Parents’ Rights??? Which Ones?

Parental rights … sounds good, yes?  But … what it really boils down to in todays vernacular is the right of a few parents, or sometimes just one parent, to deprive all other children of the education they need in order to succeed in their lives.  Jamelle Bouie’s column from a few days ago is spot-on and paints a picture of an education system that is even further devolved that what we’ve had for the past twenty years or so.  HOW do we expect our future leaders to do a better job than the ones in the past, when we won’t even teach them about our history, won’t give them a chance to understand people who may not be just like themselves???

What the Republican Push for ‘Parents’ Rights’ Is Really About

By Jamelle Bouie

28 March 2023

You may have heard the phrase “parents’ rights.”

It sounds unobjectionable — of course parents should have rights — which is probably why it’s become the term of choice for the conservative effort to ban books, censor school curriculums and suppress politically undesirable forms of knowledge.

When House Republicans introduced a bill that would require public schools to notify parents that they are entitled to see course material and lists of books kept in school libraries, they cited “parents’ rights” as the reason.

“That’s what today is all about: It’s about every parent, mom and dad, but most importantly about the students in America,” Speaker Kevin McCarthy said.

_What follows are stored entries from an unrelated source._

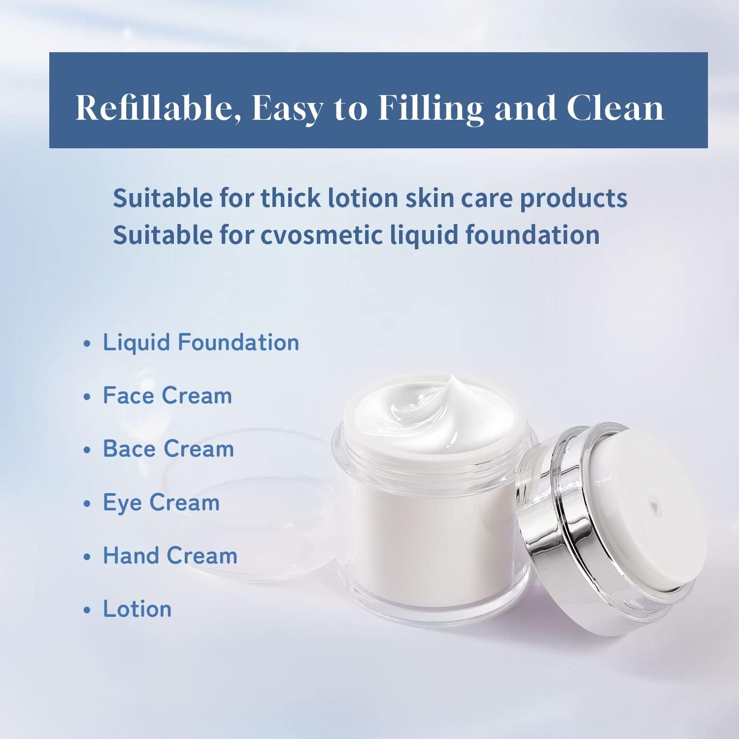 - Easy to Use: just initially fill your jar to the top with the product to get the vacuum, When pressed, the plunger will push the product up and out of the top. Perfect use for foundations, creams, essential oil, skin care items, moisturizers and so on.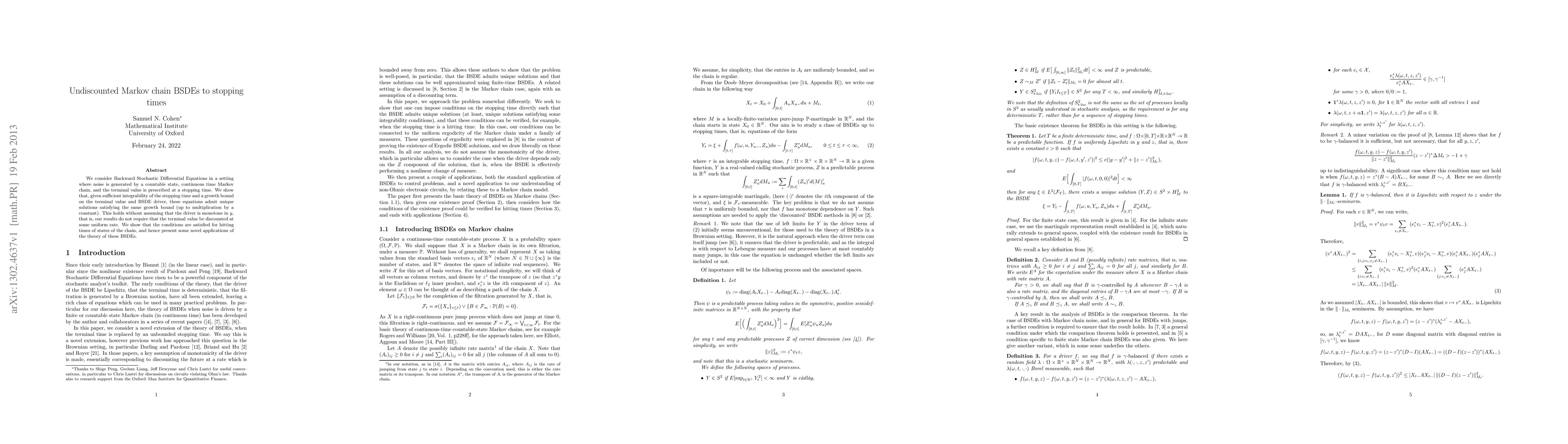 We consider Backward Stochastic Differential Equations in a setting where noise is generated by a countable state, continuous time Markov chain, and the terminal value is prescribed at a stopping time. We show that, given sufficient integrability of the stopping time and a growth bound on the terminal value and BSDE driver, these equations admit unique solutions satisfying the same growth bound (up to multiplication by a constant). This holds without assuming that the driver is monotone in y, that is, our results do not require that the terminal value be discounted at some uniform rate. We show that the conditions are satisfied for hitting times of states of the chain, and hence present some novel applications of the theory of these BSDEs.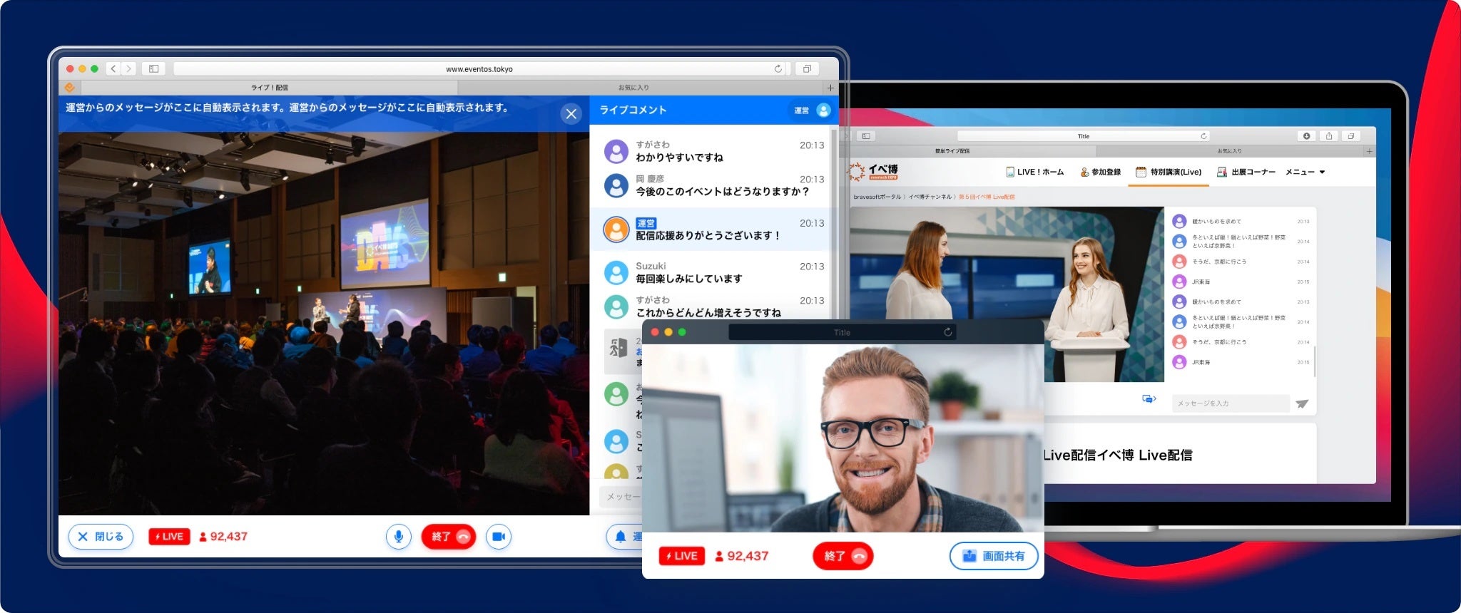 リアル・オンライン・ハイブリッドイベントをWEBとアプリでサポートする機能が充実しております。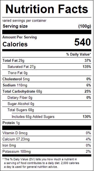 "ingredients": "Sugar, Vegetable Oil (Palm Kernel Oil And Hydrogenated Palm Kernel Oil), Whey Powder, Whole Milk Solids, Nonfat Dry Milk Solids, Soy Lecithin (An Emulsifier), Salt, And Artificial Flavor. Allergens: Milk And Soy.",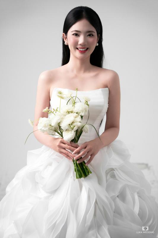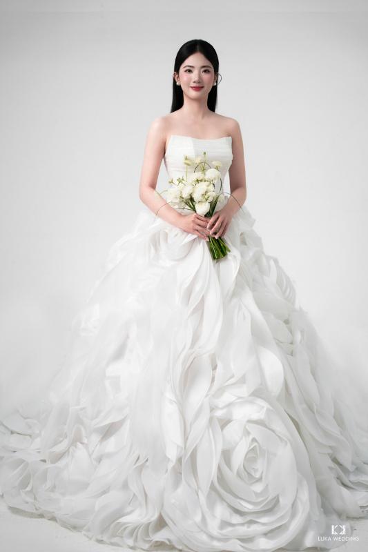 Vẫn là thiết kế strapless kinh điển, Luka Wedding mang đến 'làn gió mới' cho cô dâu hiện đại với phần tùng váy được xử lý độc đáo. Tựa như một đoá hoa rực rỡ, mở ra một khu vườn để nàng được đắm chìm trong vẻ đẹp của riêng mình, bộ cánh giúp cho diện mạo của cô dâu trở nên đặc sắc hơn bao giờ hết. Cùng với bộ ảnh cưới của cô dâu với phông nền tối giản, thiết kế ball-gown này càng giúp cho bộ ảnh cưới của cô dâu trở nên nổi bật. Tôn vinh được cá tính & nét độc bản của cô dâu.

Several Republican-controlled states have either proposed or passed similar measures.

The official name of Florida’s infamous “Don’t Say Gay” law, prohibiting “classroom discussion about sexual orientation or gender identity,” is the Parental Rights in Education Act. And the state’s Stop WOKE (short for Wrongs to Our Kids and Employees) Act, which outlaws any school instruction that classifies individuals as “inherently racist, sexist, or oppressive, whether consciously or unconsciously,” was framed, similarly, as a victory for the rights of parents.

“By signing this legislation, which is the first in the nation to end corporate wokeness and critical race theory in our schools, we are prioritizing education, not indoctrination,” Lt. Gov. Jeanette Nuñez said in a statement. “We will always fight to protect our children and parents from this Marxist-inspired curriculum.”

It should be said that this movement for “parents’ rights” in Florida has empowered certain parents to remove books, films, even whole classes that threaten to expose their children to material that might make them uncomfortable. In Pinellas County, for example, a single complaint about the Disney film “Ruby Bridges” — about the 6-year-old girl who integrated an all-white New Orleans school in 1960 — led to its removal from an elementary school.

In his successful 2021 campaign for the Virginia governor’s mansion, Glenn Youngkin made “parents matter” his slogan, and he has asserted “parents’ rights” in his effort to regulate the treatment of transgender children and end “divisive concepts” such as “critical race theory” in schools. His early moves included new history standards that removed discussions of racism and downplayed the role of slavery in causing the Civil War.

And at this moment, Texas Republicans are debating a bill — backed by Gov. Greg Abbott and Lt. Gov. Dan Patrick — that, according to The Texas Tribune, “would severely restrict classroom lessons, school activities and teacher guidance about sexual orientation and gender identity in all public and charter schools up to 12th grade.” Texas parents, The Tribune notes, already have the right to “remove their child temporarily from a class or activity that conflicts with their beliefs or review all instructional materials.” This bill would further empower parents to object to books, lessons and entire curriculums.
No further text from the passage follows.